If you did not install quast tool already, install it now.

QUAST is a tool for collecting basic statistic about the assembly.

	    quast.py spades.fasta

Examine the resulting files. Image included in the PDF file illustrates the concept of Nx statistics particularly well.

Task B: Detailed assembly evaluation

Now we will compare our assembly to the reference sequence and try to determine what are the reasons for its fragmentation.

Besides the files we have worked with so far, we will also use data/ref.fasta, which is the corresponding fragment of the reference assembly of E. coli genome.

The plan is as follow:

Step 1: Mapping the Illumina reads

If you did not install BWA and SAMTOOLS already, install them now.

For mapping and alignments, we will use software BWA. The software first needs to create a Burrows-Wheeler-transform based index of the reference file and then it provides several methods for rapid alignment of short and long sequences to this reference file using the index.

  1. Create index of ref.fasta:
          bwa index ref.fasta 

    The resulting index is stored in several files with names ref.fasta.* The software will later automatically detect and use these files when referring to the ref.fasta file.

  2. Align short reads to the reference. BWA provides method BWA-MEM for mapping short reads.
          bwa mem ref.fasta miseq_R1.fastq.gz miseq_R2.fastq.gz > ref-miseq.sam



  3. As you can see, SAM file is somewhat large and difficult to view without using additional tools.

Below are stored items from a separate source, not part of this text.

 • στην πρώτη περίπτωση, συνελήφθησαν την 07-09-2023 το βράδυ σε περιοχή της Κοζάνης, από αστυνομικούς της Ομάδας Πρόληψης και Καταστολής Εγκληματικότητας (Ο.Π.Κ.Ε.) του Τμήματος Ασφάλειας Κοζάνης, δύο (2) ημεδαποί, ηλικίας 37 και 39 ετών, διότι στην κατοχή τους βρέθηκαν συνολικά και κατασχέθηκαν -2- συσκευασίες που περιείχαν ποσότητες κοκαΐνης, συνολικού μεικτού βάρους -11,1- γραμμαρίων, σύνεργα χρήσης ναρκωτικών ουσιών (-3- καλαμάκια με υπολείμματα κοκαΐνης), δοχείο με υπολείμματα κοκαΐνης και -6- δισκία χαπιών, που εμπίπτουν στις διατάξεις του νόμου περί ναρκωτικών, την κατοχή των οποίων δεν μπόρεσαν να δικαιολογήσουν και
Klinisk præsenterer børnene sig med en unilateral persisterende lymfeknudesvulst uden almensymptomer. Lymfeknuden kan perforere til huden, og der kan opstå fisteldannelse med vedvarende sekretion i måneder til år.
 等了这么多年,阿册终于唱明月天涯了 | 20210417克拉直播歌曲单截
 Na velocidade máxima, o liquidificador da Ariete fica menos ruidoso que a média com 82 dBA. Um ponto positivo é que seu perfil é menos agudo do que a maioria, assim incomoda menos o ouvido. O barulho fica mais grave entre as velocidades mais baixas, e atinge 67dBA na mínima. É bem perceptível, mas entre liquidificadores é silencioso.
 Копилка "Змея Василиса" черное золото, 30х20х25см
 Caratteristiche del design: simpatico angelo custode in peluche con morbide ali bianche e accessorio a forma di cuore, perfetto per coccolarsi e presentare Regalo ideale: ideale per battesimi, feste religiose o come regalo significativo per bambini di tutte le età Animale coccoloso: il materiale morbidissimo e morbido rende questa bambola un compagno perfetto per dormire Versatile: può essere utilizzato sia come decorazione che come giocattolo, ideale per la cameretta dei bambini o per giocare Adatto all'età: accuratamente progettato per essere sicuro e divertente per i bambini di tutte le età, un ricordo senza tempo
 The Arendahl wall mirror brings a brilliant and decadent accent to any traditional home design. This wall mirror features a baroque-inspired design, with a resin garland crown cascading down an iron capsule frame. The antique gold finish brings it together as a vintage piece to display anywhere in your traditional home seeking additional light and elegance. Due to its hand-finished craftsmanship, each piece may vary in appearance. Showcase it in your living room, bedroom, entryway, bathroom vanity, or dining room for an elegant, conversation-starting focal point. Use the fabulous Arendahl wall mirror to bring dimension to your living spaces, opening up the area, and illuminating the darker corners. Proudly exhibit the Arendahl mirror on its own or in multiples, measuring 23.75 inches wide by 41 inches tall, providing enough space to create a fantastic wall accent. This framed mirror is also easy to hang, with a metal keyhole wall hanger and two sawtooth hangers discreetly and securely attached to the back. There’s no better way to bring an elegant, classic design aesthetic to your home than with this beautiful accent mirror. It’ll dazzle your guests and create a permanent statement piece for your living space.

To prepare it for viewing, we will use SAMTOOLS to compress the file, sort the alignment along the reference, and create an index to the file in order for a viewer to efficiently access the relevant portions of the file.
    		    # convert result from sam to bam file format and sort it by coordinate
    		    samtools view -S -b ref-miseq.sam | samtools sort - ref-miseq
    		    # create index for the bam file
    		    samtools index ref-miseq.bam

Step 2: Alignment of SPADES assembly to the reference

You can similarly align the SPADES assembly to the reference. For longer sequences, BWA provides method BWA-SW method: instead of bwa mem, use bwa bwasw. Since you have already created the index, you can skip this step. Name the final BAM file ref-spades.bam.

Step 3: Viewing the alignment results

If you did not install IGV already, install it now.

We will use IGV browser to view the results.

  1. Start IGV browser by using igv command
  2. First, you need to select the correct reference file by using menu Genomes -> Load Genome from File (use ref.fasta)
  3. Then you can load both alignments (BAM files) as tracks through the menu File -> Load from File
  4. Zoom in to view the alignments


Task C: Long-read assembly

We will try to assemble the same region of E.coli genome from long reads from Oxford Nanopore MinION sequencer. Data come from a public data set produced by Nick Loman and it was filtered to only contain reads overlapping our region:

Step 1: Assemble reads using CANU assembler

This step is memory and time intensive; your mileage may vary depending on the parameters of your computer. If you want to proceed with this step anyways and did not install CANU assembler yet, you should do it now. Otherwise, you may skip this step and use the replacement result file data/canu.fasta.

		canu -d long-reads -p canu -nanopore-raw nanopore.fasta.gz genomeSize=0.5M useGrid=false maxThreads=2 maxMemory=8

Copy the resulting file to file canu.fasta.


Step 2: Compare the assembly with the reference

Optional questions: BWA with default setting is clearly not the ideal tool for working with reads and sequences with high error rate. To mitigate this problem, you can explore the BWA parameters suggested for long reads, alternative aligners such as LAST, or other programs for comparison of sequence assemblies such as nucmer / mummerplot tool from MUMMER package.

Step 3: "Polish" the assembly

If you did not yet install PILON software, you can install it now.

One of the problems of CANU assembly is its high error rate (since it is essentially a concatenation of segments from the original high-error reads. One way of solving this problem is to align high-quality short reads (Illumina) to the assembly and then use them to correct the sequencing errors.